Friday Flybys (vol. 22)

A bunch of items in the hopper that I didn't have a chance to post this week:

Jeff Foust shares some notes from the COMSTAC meeting including Brant Sponberg's input regarding NASA commercialization efforts.

While merger lawyers for Lockheed and Boeing put together more stacks of info for the FTC,
SpaceDev and Starsys sign their merger agreement.

Thomas James cleverly calculates damages in connection with SpaceX's litigation. (And Rand's readers pick up on it here.)

Li Jing, a researcher with the National Astronomical Observatories, and the most quoted space law expert in China (and like, the only one?) tells Shanghai Daily that that moon for sale thing is baloney, not cheese.

And yes,
Beijing is investigating the bogus moon real estate scheme. China's new adventures in space capitalism continue.

Speaking of which...thanks to Shenzhou-6 you'll want to buy
Chinese space stocks.

And interesting musings at Rand's place about whether China will get to the moon
before "we" do. (Of course that's not counting the fact that we were there 26 years ago.)

But never mind China, in the new issue of Discover,
Fred Guterl, ponders the overlooked question, "Will the European Space Agency put astronauts on the Red Planet before NASA does?"

By the way, SpaceRef posts a transcript of House Science Committee hearing,
The Future of NASA, (from June 28, 2005).

And how about this, on the
shake-up at NASA. (The Washington Post via MSNBC)

I wasn't following this, but SpaceRef reports the House passed an AIA-supported bill "to create a federal inter-agency task force on aerospace workforce revitalization." Sounds good.

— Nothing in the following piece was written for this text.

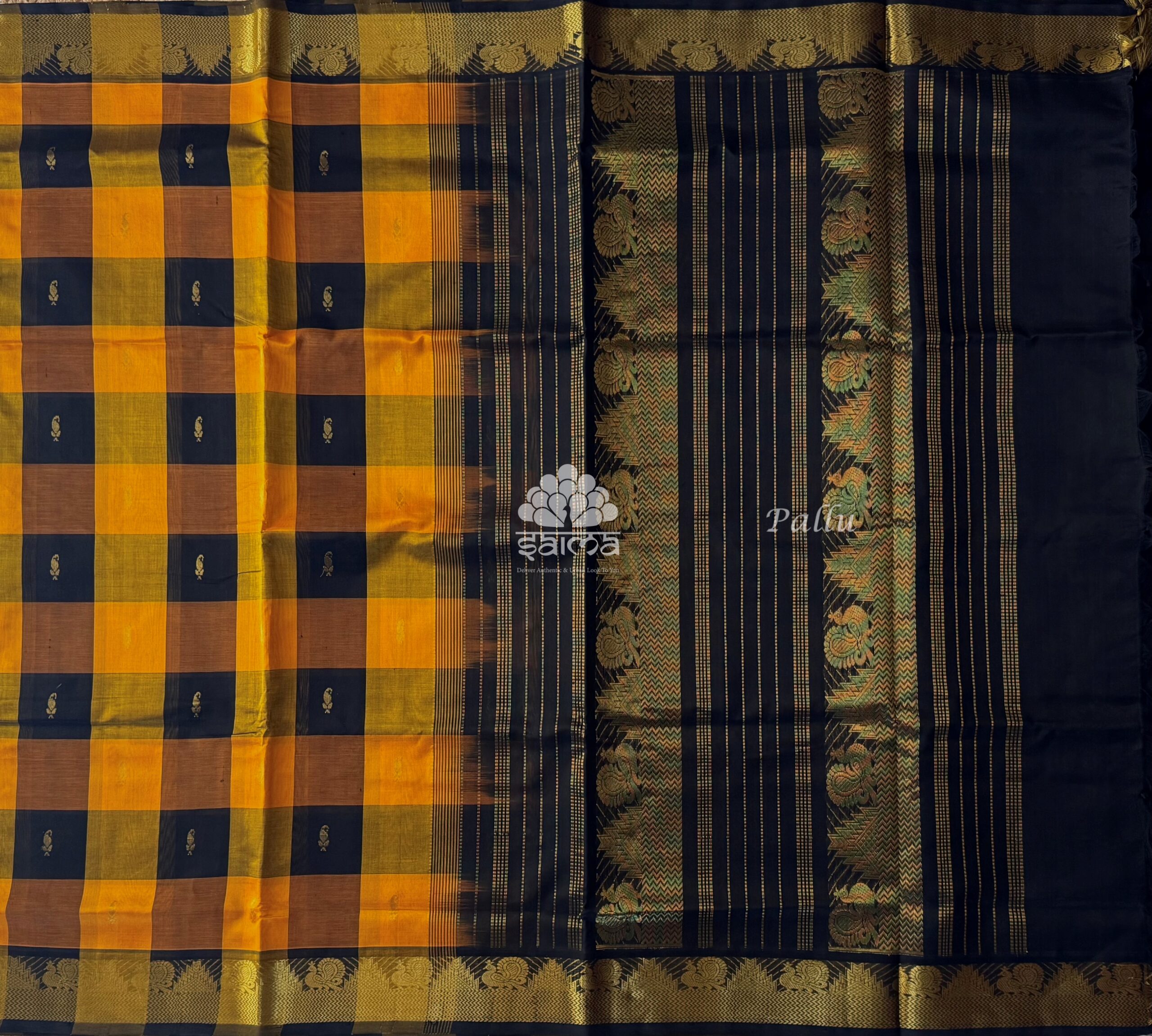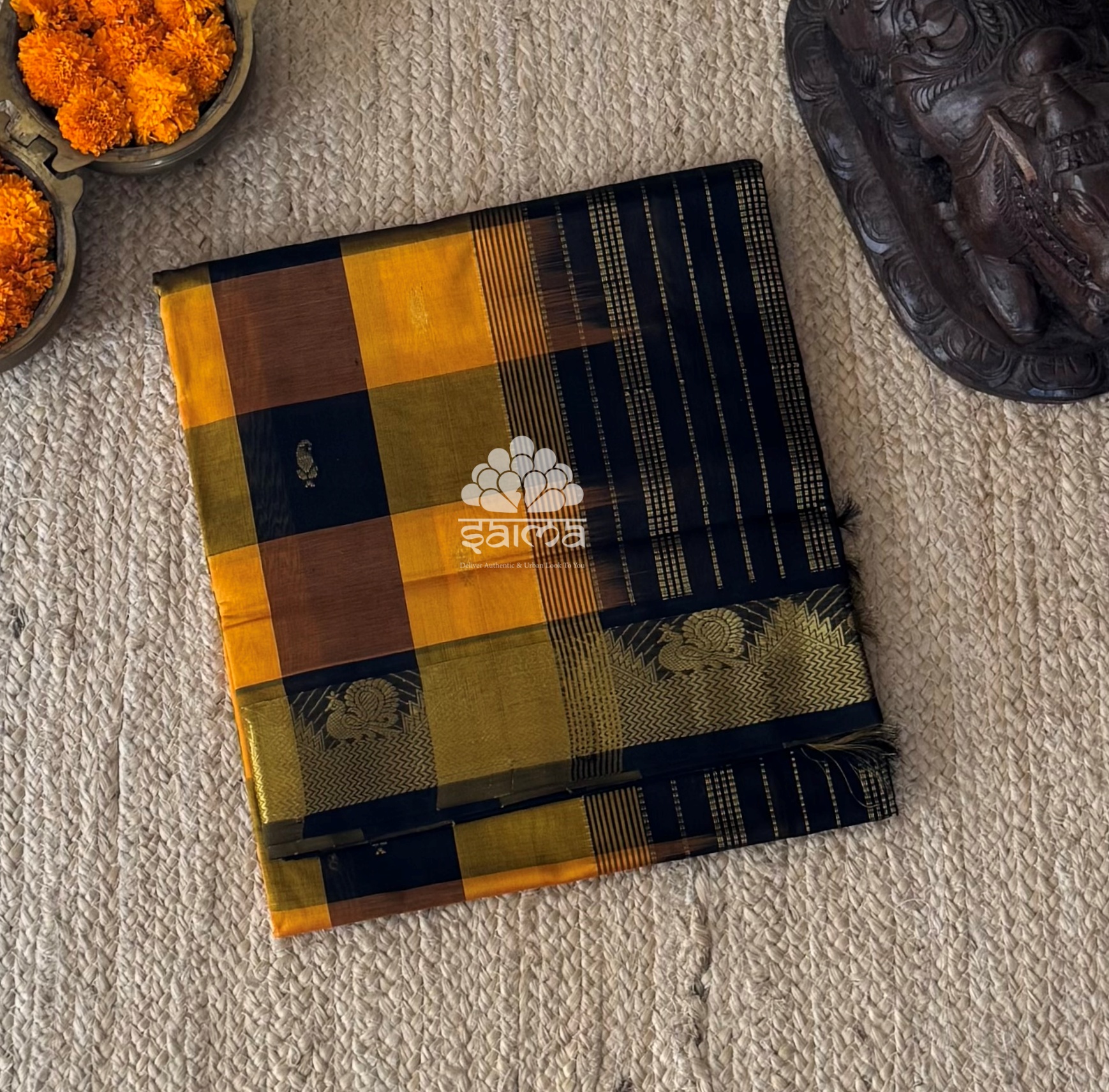 Kanchi silk cotton in pazhum pazhumum design in yellow and black combo color having small bhuttas all over the saree and annapakshi design border. Pallu and blouse in black color.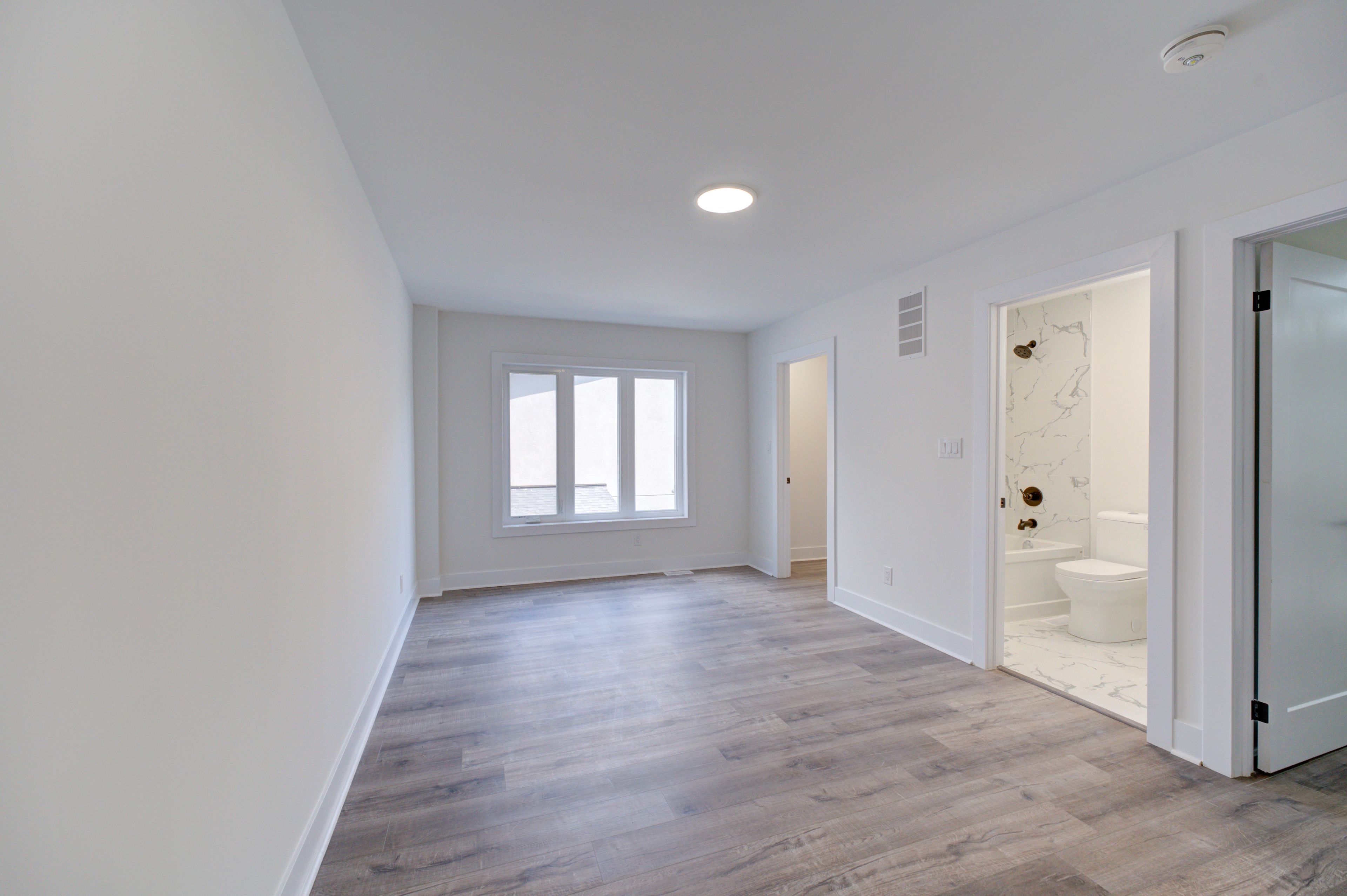 • Upper level includes a primary bedroom with a walk-in closet and ensuite bathroom.

The topic of FAA/AST's 4th Quarter 2005 Quarterly Launch Report is Risk Perception and Communication in Commercial Reusable Launch Vehicle Operations. (I usually check AST's site, but Clark got there first.)

Phil Bowermaster of The Speculist (awesome blog) comments on the position of the United Nations Office for Outer Space Affairs regarding moon property, "Gee, why does it upset the UN so much that they can't control the US when they apparently get to call the shots for the entire universe?"

All those cool, cute cubesats... Clark Lindsey has
links. And there's even an item from MoFo's September 2005 Communications Law Bulletin on The Dawn of Personal Satellites.

Over on Out of the Cradle, following up on Rob's interview with Sam Dinkin of SpaceShot, Mark now interviews
Jon Goff of Masten Space System about his company and insight for new space engineers. Looking foward to how the OoTC blogmasters can top those two interviews. (Unless, Brad Pitt and George Clooney?) (A girl can dream.)

collectSPACE covers the federal criminal
trial of former Kansas Cosmosphere director Max Ary, indicted for stealing and selling museum artifacts. Somebody needs a time out.

President Nursultan Nazarbayev of
Kazakhstan ratifies a treaty with Russia on the Baiterek rocket complex.

Also on the Russia front, Space.com reports Russia has agreed to launch a
Brazilian astronaut to ISS.

Never mind this year's space elevator competition which
no one won. It's all about next year.

Greg Olsen exercises his
bragging rights.

What else? Oh. With all kinds of far-ranging chapters in Professor Reynolds'
new book covering things like small is the new big, where will he fit all the space law material?

Just in time,
pumpkin carving lessons.

And you don't have to check the
candy calculator.

Now go. Get
unusually close to Mars this weekend.